Batch # CPU Duration Reads Writes RowCounts
1 0 6 32 0 13
2 0 2 18 0 13
3 0 1 18 0 13
4 16 1 18 0 13
5 0 1 18 0 13

So key difference between the two:

  • Reads went down from 2372 to 18; logical reads.
  • Writes went down from 3 to 0 (no more written to temp tables, so no writing).
  • Row Count went from 1026 to 13, the only rows that we actual cared about.

So think about working on data set that has ten thousands or twenty thousands, or hundred thousand rows? How you think your server will fair? Now on top of it add your traffic, 10 people executing the same query, 100 people, 1000 people? The affects of writing code like in original example can be disastrous and is unacceptable; it will not matter how much hardware you throw at it it will not fix the problem.

So question is does the performance impacts end here?
No! Why? Because think about full table scans, what is the SELECT going to do to the table? It is going to create a shared lock on the table; now if this is OLTP system where there are selects and updates all the time. If we lock the entire table shared locks, what is going to happen to request for EXCLUSIVE lock? It will cause blocking. SQL Server is going to put it on because it cannot access the table. How can we test that? I can’t simulate the 1000’s of inbound connections; but using SQL Server profiler we see what kind of locks SQL Server takes out when we run the first batch of statements. You will see that SQL Server takes out locks on all the tables involved in the batch. You will also notice the locks being distributed among your database and the tempdb database.
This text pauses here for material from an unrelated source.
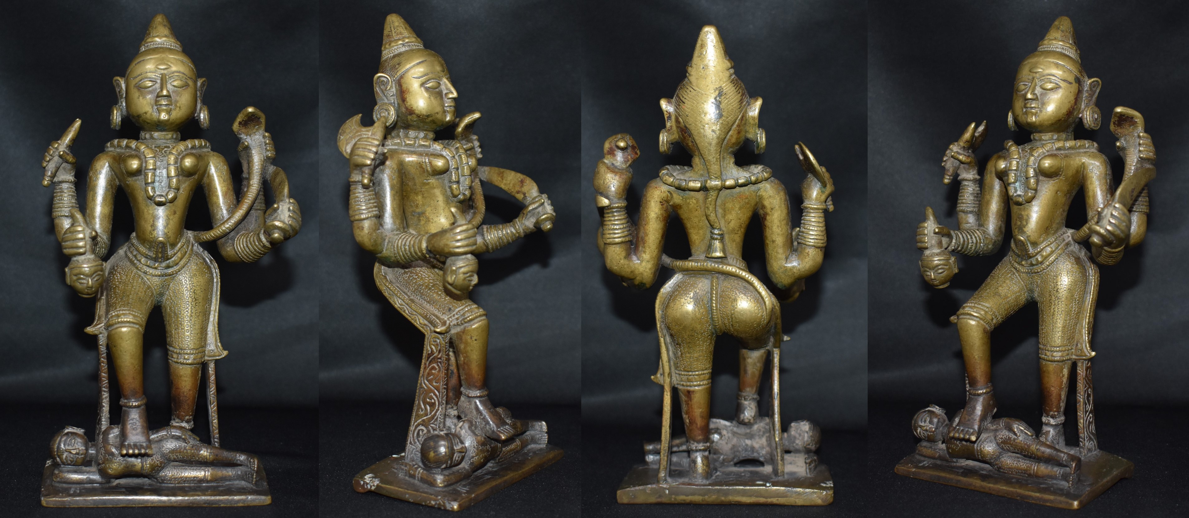 Kali’s forms, based on the attributes, are several. In the book Devi The Great Goddess: Female divinity in South Asian Art Published by Arthur M Sackler Gallery, there are at least seven paintings of Bhadrakali. All with different attributes and their own Dhyana Slokas but with a corpse/human under her. It is quite likely this bronze is also a form of Bhadrakali, though none of the seven forms in that book matches this Vigraha.

Because it acquiring shared locks on your databases but exclusive locks in tempdb to do the bulk load operation. Executing that batch generated over 5000 events for (Locks Acquired, Locks Releases, Lock Timeouts, and Statement Completed). When I run the second code, it generated about 2000 events. Less then half the locks acquired and released. So you are able to save additional processing time. This also saves on memory usage, as now we don’t have to read the entire table into memory. This will allow SQL to take selective page lock only; if table is large enough it should not cause blocking with other transactions wanting to update single rows else where in the table.

Conclusion:
It is general recommendation to avoid selecting rows and columns you shouldn’t select. This wastes I/O, Memory and CPU time. Yes hardware is improving very quickly; however there at one time or another you will have to deal with the code. Throwing more hardware at it is just patching the problem not fixing the problem.

References:
MSDN Online, Tables, Link.
SQL Server Central, TSQL – Tempdb Question of the day, Link.
SQL Storage Engine Engineers Blog, Lock Escalation, Link.

Updates:
May 15, 2009: I was mistaken on the introduction of TV into SQL Servers (thanks Chris!).

2 comments

  1. good post :-)1 thing thought is that I don’t think TV’s were introduced in 2005, they were being used in 2000 as well, I’m not sure if you could use them before as I only started with 2000.

  2. Oops! Thanks Chris, I didn’t know that. I had never heard of Table Variables until SQL 2005. Good to know; I’ll update the post.